Gordon Tracy scarcely noticed; burdened with about as much grief and survivor's guilt as one young swimmer could carry. After a moment, too angry to reason, or stop himself, Gordon unlocked and tore off his own helmet, snarling,
"The h*ll with it! I'll make it, or I won't. Not living in a d*mn bubble for a week, just to save my own ass!"
Captain Taylor glanced over from the pilot's seat, then said,
"Ya cain't help 'em none by killin' yerself, Son. They're in good hands, trust me. Whut Doc don't know, ain't worth learnin', an' he'll figger a way outta this mess… but ya gotta hold up y'r end, Godfrey. We all do."
The discarded helmet had bounced off the overhead, and was lancing back down at them. Gordon fielded the thing, looking very much like he wanted to cry.
"I don't deserve to be up here, safe and healthy, Uncle Lee," he whispered, adding, "Know why I'm not sick? Because I was pissed at Scott, over… over Penny, and I skived off work to go swimming. That's why I'm here, and not John, or Virgil, or…"
"Or nobody," Lee cut in. "Which is whut we'd have in th' shotgun seat, right about now, if you wasn't a stubborn, cross-grained cuss, like y'r brothers n' daddy.

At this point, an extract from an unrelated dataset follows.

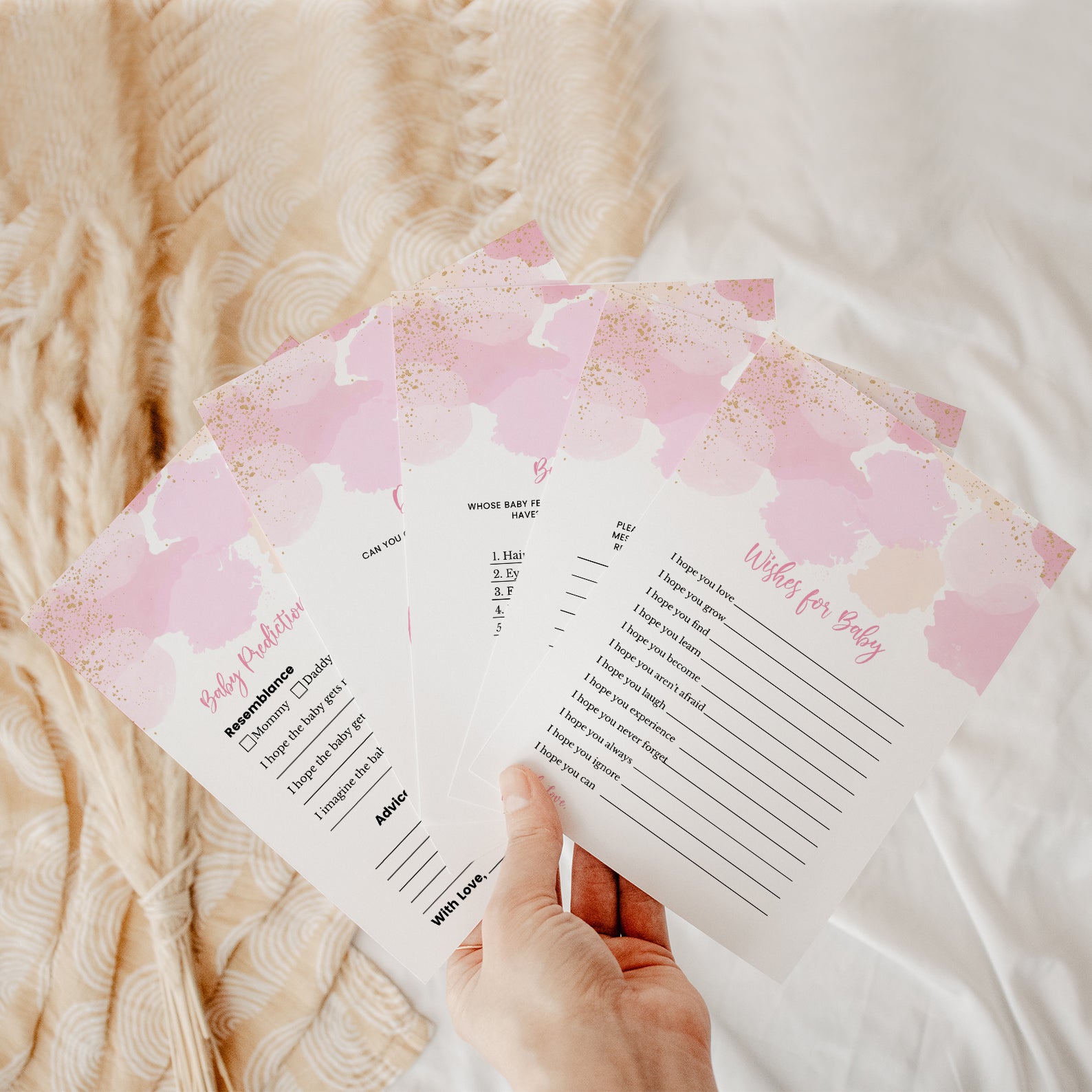 Oh Baby Pink Shower Game Bundle with Gold & Watercolor Accents

Y'r here f'r a reason, leave it at that. Now, stop kickin' y'rself in the ass, an' help me fly this "newly renovated" hunka junk. Cain't rightly navigate n' fly at th' same time, Son."
Which might even have been the truth. Whatever, Gordon felt a bit better for hearing it. Enough to say,
"You really think they'll pull through, Sir?"

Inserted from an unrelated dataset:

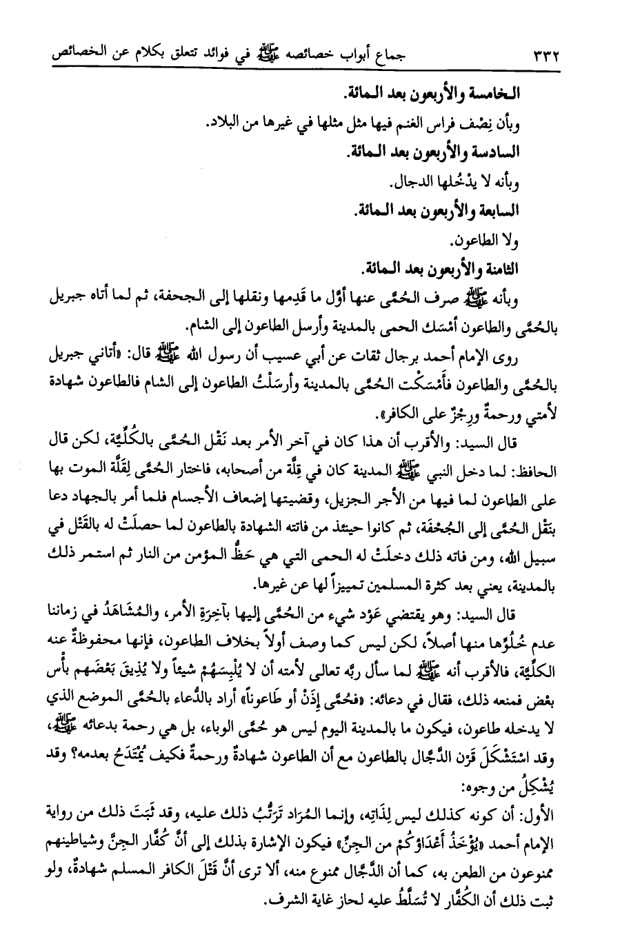 وبأنه صلى الله عليه وسلم صرف الحمى عنها أول ما قدمها ونقلها إلى الجحفة، ثم لما أتاه جبريل بالحمى والطاعون أمسك الحمى بالمدينة وأرسلت الطاعون إلى الشام.

Lee smiled at him, making his blue eyes crinkle up, and that big, salt-and-pepper mustache broaden.
"'Course I do, Godfrey. I got faith that we ain't in this alone. Someone's lookin' out f'r us. Allus has been."
Managing a weak, answering smile, the swimmer said,
"You sound like Grandma."
"Heh! She's been gettin' t' me, all right. An' not just with her cookin', neither. Y'r auntie's a fine woman, Godfrey. A d*mn fine woman. Any feller 'd be right lucky ta call Beth Tracy his own."
Yeah. Too much information. Hurriedly, Gordon changed the subject.
"So, uh… ETA to Mars, Uncle Lee?"
The astronaut gave him a sudden sly, little-boy grin, saying,
"Now, that's a d*mn funny thing t' be askin' me, Son. Think I got sumthin sneaky tucked up in m' sleeve?"
Gordon's own smile widened a little; his hazel eyes lightening visibly as he said,
"I'd be shocked and disappointed if you didn't, Sir."